Il transfer del gran dorsale non può essere classificato come un intervento anatomico di ricostruzione, poiché una struttura muscolare con il suo tendine è reinserita in altra sede dove la struttura tendinea della cuffia dei rotatori ha subito una lesione irreparabile. Siamo piuttosto di fronte ad un intervento che può avere effetti migliorativi sulla funzione della spalla scongiurando o comunque posticipando operazioni di sostituzione protesica. La trasposizione del gran dorsale non è in grado di garantire i movimenti di una spalla sana. Questa procedura è considerata un intervento di salvataggio della spalla.

ALCUNI RISCHI LEGATI AL TRANSFER DEL GRAN DORSALE

Esistono alcuni rischi legati a questo intervento. Si può sviluppare una rigidità dell’articolazione per varie ragioni. Di rado si può presentare una reazione infiammatoria intrarticolare che può arrivare sino ad una algodistrofia. Sono state comunque sviluppate nuove terapie capaci di gestire più agevolmente questa rara complicazione.

Si può verificare un’infezione della parte interessata (ipotesi meno possibile con tecnica artroscopica). Qualora si presentasse questa situazione, è possibile sottoporsi ad una terapia antibiotica. Si può verificare una lesione nervosa: questa rara complicanza può provocare dolore e perdita di sensibilità in varie zone del braccio.

Si può verificare, infine, un fallimento della trasposizione e dei mezzi di fissazione del tendine sull’osso. 

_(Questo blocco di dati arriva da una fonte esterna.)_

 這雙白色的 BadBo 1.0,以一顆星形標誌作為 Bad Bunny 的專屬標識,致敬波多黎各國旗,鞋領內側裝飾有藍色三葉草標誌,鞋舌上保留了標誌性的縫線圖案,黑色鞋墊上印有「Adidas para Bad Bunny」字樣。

PROTOCOLLO DI RIABILITAZIONE

In seguito ad un intervento di trasposizione del gran dorsale c’è un apposito protocollo di riabilitazione, da seguire per garantire il buon esito dell’operazione. La riabilitazione fisioterapica dura mediamente  circa 6 mesi (può arrivare fino ad un anno). Si può riprendere a guidare dopo circa 60 giorni. Le attività lavorative, anche in base alla tipologia, fra il 4° e il 5° mese dopo l’intervento. È tuttavia indicato evitare attività pesanti o di carico per almeno 90 giorni.

0 –30 gg  dopo l’intervento

– In questo periodo l’obiettivo è lenire il dolore e l’infiammazione e incrementare il range articolare senza dolore.

– Si deve indossare per 5 settimane, che è possibile togliere quando il paziente è seduto e in occasione degli esercizi dopo la terza settimana.

– Gli esercizi da eseguire sono pendolari in rilasciamento, elevazioni/depressioni delle spalle, elevazione della spalla aiutata dall’altro braccio in anteposizione e modica abduzione, mobilizzazione passiva sul piano scapolare e anche in abduzione. È possibile fare applicazioni di ghiaccio.

Dal 30 gg al 90 gg dopo l’intervento

– È importante controllare il dolore e lo stato dell’infiammazione, l’obiettivo è migliorare il range articolare. Si inizia l’idrokinesiterapia. In questo periodo solitamente si procede gradualmente con mobilizzazioni passive su tutti i piani, vengono associati anche esercizi isometrici. Primo controllo ortopedico in questa fase

Dal 90°gg al 120° gg dopo l’intervento

In questa fase lo scopo è tornare al normale range articolare con ritorno alla normale attività quotidiana  (sport e attività professionale). Si consiglia di effettuare stretching autonomo, continuare con il lavoro per la forza dei muscoli scapolari e del deltoide ed eseguire esercizi di coordinazione e propriocettività. Secondo controllo ortopedico per valutare la mobilità e la forza recuperata in extrarotazione.